How tardigrades could help us
Blaxter has been studying tardigrades for years and his fascination started with them at a young age when he spied the “small beasties” in an animal encyclopedia that his parents gave him for Christmas. It would go on to guide his research career, he said.
Now, he and fellow researchers are looking at the ways this animal could answer many questions we have about life.
It may be a long way off, but Blaxter believes that the proteins that allow the tardigrade cells to survive drying out could be used to preserve cells and cell products “indefinitely” in a dried up state without the need for a freezer or even power.
“Imagine a vaccine made in the US that is to be used to protect kids from a devastating childhood disease across the developing world,” Blaxter said. “Currently we have to have a chain of fridges from here to, say, central Brazil, including a fridge in each and every village clinic, all of them working, every day, before we can be sure that the vaccine will get to the people who need it safely and securely.

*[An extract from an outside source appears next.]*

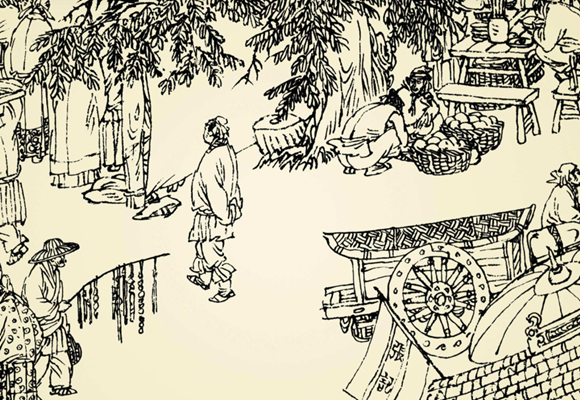 徐尚书站在巷子口向城外张望,不一会儿,听到小车吱哽吱哽的响声,由远及近,只见一个推了满满一车棒槌的人向这里走来。

“Even then, the vaccine will have a shelf life, and we would have to guarantee keeping it cold all the time. Now imagine the same vaccine, coated in tardigrade desiccation proteins. Stored at room temperature and shipped by post, the vaccine would have a much extended shelf life, and would be ready to use whenever and wherever it was needed.”
Boothby is also leading a project with NASA to grow tardigrades on the International Space Station.
“Prolonged exposure to spaceflight conditions — low gravity, increased radiation — has a number of detrimental effects,” Boothby said. “I’ll be looking at how tardigrades cope with prolonged exposure to these stresses and also what genes are activated or inactivated during and after these extended periods.
“The hope is that since tardigrades can combat the detrimental effects of many Earth-based stresses, that they would do the same for spaceflight. If we can learn how tardigrades protect themselves during spaceflight, maybe we can apply the same or similar tricks for safeguarding astronauts during long missions.”